It presses down on your chest until every breath is a fight.
It creeps into your veins, a cold coil of despair that winds itself around your heart and waits—just waits—for the right moment to squeeze.
Since the day I left Sanele behind, I woke each morning drenched in cold sweat. My body jolting upright before I was even conscious of being awake, lungs heaving, as my breaths forced their way through my body.
My stomach twisted in knots I couldn’t undo.
And my mind—my mind was a nest of nightmares.
Except they weren’t just nightmares.
They were memories that followed me.
Invading every sleeping and waking moment, crawling under my skin, like something alive and starving wanting to eat me from the inside out.

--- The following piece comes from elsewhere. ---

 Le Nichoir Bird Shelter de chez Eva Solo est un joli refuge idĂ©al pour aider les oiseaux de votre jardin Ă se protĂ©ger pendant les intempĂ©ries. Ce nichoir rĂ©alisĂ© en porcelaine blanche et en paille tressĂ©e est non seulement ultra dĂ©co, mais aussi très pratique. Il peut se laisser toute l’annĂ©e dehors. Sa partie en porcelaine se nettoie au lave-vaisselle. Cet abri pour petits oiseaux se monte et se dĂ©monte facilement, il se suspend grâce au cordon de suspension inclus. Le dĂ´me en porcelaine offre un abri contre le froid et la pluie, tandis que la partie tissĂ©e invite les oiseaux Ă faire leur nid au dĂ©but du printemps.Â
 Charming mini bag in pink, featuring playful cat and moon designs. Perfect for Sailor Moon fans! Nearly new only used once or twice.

Reminding me that the past isn’t a place you can leave.
It’s not a door you can lock.
It’s a scar and one that deepens with time.
I wanted to believe a fresh start was possible.

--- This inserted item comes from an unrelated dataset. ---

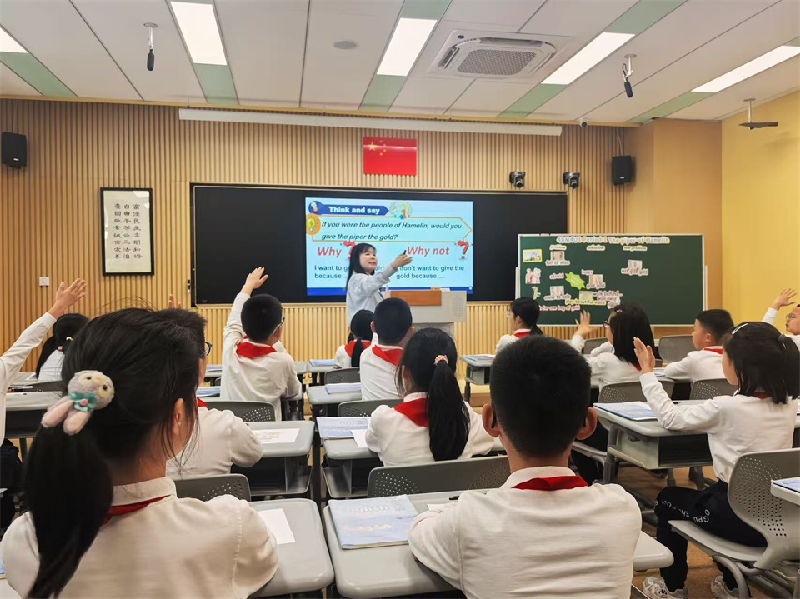 随后,青浦兰生学校张晓宇老师进行了4BM4U1第一课时 The piper of Hamelin的课堂教学展示。课堂上,张老师能基于语篇设计与实施环环相扣的问题链,形成学生理解故事内容的结构化知识;张老师通过身份转换,引导学生扮演角色体验故事中人物的情感、语言和行为变化,深入理解故事语篇蕴含的意义和哲理。同时,张老师能围绕单元主题创设文化语境,引领学生在故事学习过程中感受和体悟管笛人吹奏管笛解决问题的能力以及管笛音乐的特点和魅力,单元主题意义The music is powerful的育人价值得以体现。

That time and distance could bury the past, could quiet the screaming.
But every time I looked in the mirror, I saw a stranger staring back.
A face I didn’t recognize.
A version of me that didn’t fit the story I was trying to tell myself.
I wanted time to heal me.
I needed it to.
But no matter how far I ran, I was still running from myself.

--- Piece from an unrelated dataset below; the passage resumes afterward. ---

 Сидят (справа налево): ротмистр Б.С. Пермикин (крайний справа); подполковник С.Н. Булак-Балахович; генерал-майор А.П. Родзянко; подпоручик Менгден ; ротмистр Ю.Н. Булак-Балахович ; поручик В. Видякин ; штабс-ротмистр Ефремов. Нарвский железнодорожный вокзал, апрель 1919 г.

Every day felt like a constant balancing act.
I pieced myself together with shaking hands, careful not to breathe too hard in case everything collapsed.
I told myself that no one could see the cracks if I smiled just right and spoke just enough.
Maybe no one would notice.
Because I knew that with one slip, one misstep, one moment of weakness—I’d fall.
Straight back into the ruins of my past and I wasn’t sure I had it in me to crawl out again.
So, I kept my head down.
I kept busy.
I pretended.
Routine became my armor.
If I moved enough, worked enough, maybe I could stay ahead of it. Maybe I could even fool myself into thinking I wasn’t unraveling.